In the Village Voice , Amy Taubin describes La Ciénaga as a “provincial tragicomedy á la Chekhov ”. In her brilliant debut film, Martel constructs her narrative from everyday occurrences, the constant comings and goings of the characters, and a cacophony of voices that vie for attention.

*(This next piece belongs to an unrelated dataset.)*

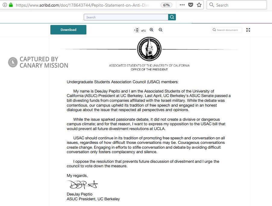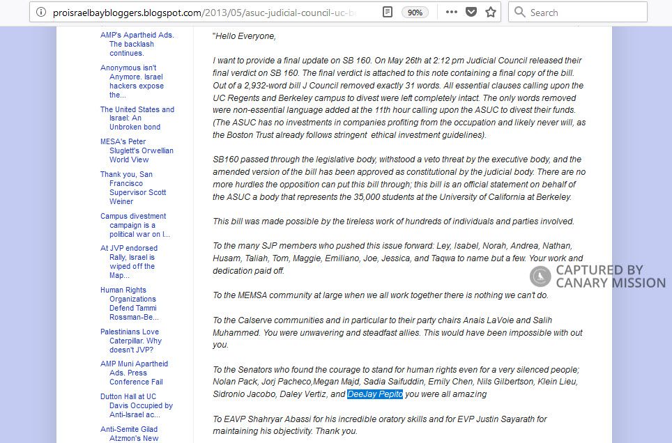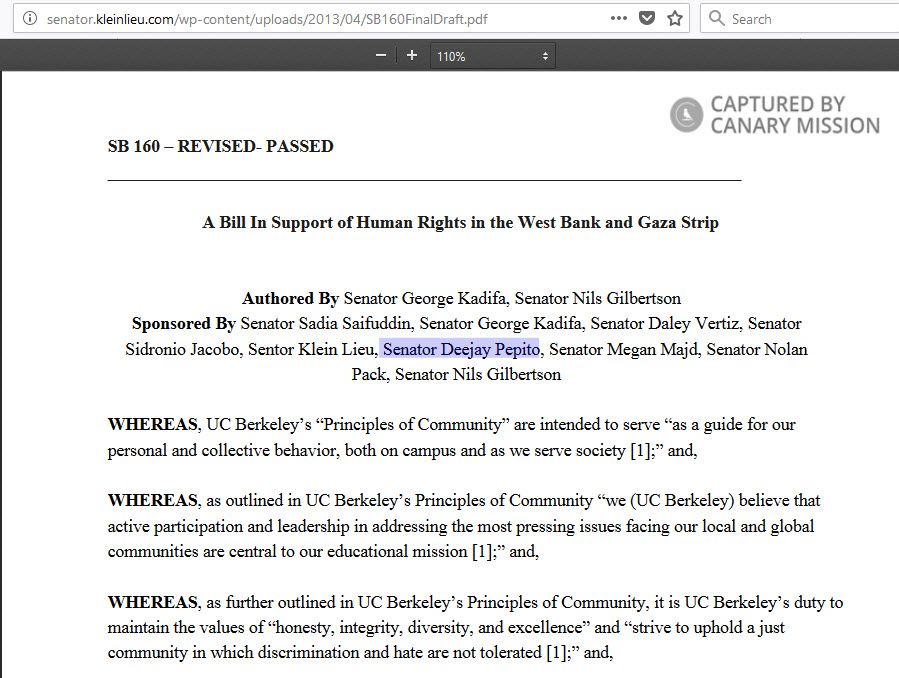 Donna-Jo Pepito [DeeJay Pepito] co-sponsored an anti-Israel Boycott, Divestment, Sanctions (BDS) movement resolution at the University of California Berkeley (UC Berkeley) in April 2013.Pepito was acting in her capacity as a student senator of the Associated Students of the University of California (ASUC). She later became president of the ASUC in June 2013.

So far, the film has received approval from 88 percent of Rotten Tomatoes critics and achieved an average rating of 6.9 out of a possible 10 points.

Awards

  • 2001: Silver Bear at the Berlinale
  • 2001: Award for best director, Graciela Borges as best actress, and for best sound at the Havana Film Festival
  • 2001: Award for Best Director and Best Actress for Mercedes Morán at the Clarín Entertainment Awards
  • 2002: Cóndor de Plata for best debut film, for Graciela Borges as best actress and for best camera at the award of the Association of Argentine Film Critics and Film Journalists

Web links

Individual evidence

  1. a b Cristina Moles Kaupp: Blood that mixes with red wine. In: Spiegel Online. February 8, 2001, accessed May 11, 2020 .
  2. La ciénaga - morass. In: kino.de. Ströer Media Brands GmbH, accessed on May 17, 2020 .
  3. ^ Fiona Clancy: Motherhood in crisis in Lucrecia Martel's Salta trilogy . In: Alphaville: Journal of Film and Screen Media . No. 10 , 2015, ISSN  2009-4078 , p. 1-12 ( ucc.ie ).
  4. La ciénaga. In: UC Berkeley Art Museum and Pacific Film Archive. The Regents of the University of California, accessed May 18, 2020 .
  5. ^ A b Eva-Christina Meier: Cinema for the attentive. In: taz. July 5, 2018, accessed May 17, 2020 .
  6. a b c Geri Krebs: In the suction of the swamp | NZZ. In: Neue Zürcher Zeitung. March 22, 2002, accessed May 15, 2020 .
  7. James Quandt: Holy Girls, Headless Women and Hapless Men. In: Toronto International Film Festival. February 18, 2018, accessed May 10, 2020 .
  8. a b c Manfred Hermes: Swampy suspension. In: Friday. August 30, 2002, accessed May 11, 2020 .
  9. ^ Kerstin Decker: Ode to putrefaction. In: Der Tagesspiegel. August 22, 2002, accessed May 10, 2020 .
  10. Sascha Westphal: "La Ciénaga". In: world. Axel Springer SE, August 22, 2002, accessed on May 10, 2020 .
  11. Nadine Lange: Record what happens. In: Der Tagesspiegel. August 22, 2002, accessed May 15, 2020 .
  12. Eddie Cockrell: The Swamp. In: Variety. March 1, 2001, accessed May 15, 2020 .
  13. ^ David Oubiña: La Ciénaga: What's Outside the Frame. In: The Criterion Collection. Retrieved May 19, 2020 (English).
  14. ^ Moritz Holfelder: Harter Blick: The Argentine film director Lucrecia Martel. In: Bayerischer Rundfunk. July 3, 2018, accessed May 19, 2020 .
  15. Amy Taubin: Temples of the Familiar | The Village Voice. In: The Village Voice. October 2, 2001, accessed May 19, 2020 .
  16. [1] In: Rotten Tomatoes. Retrieved May 18, 2020.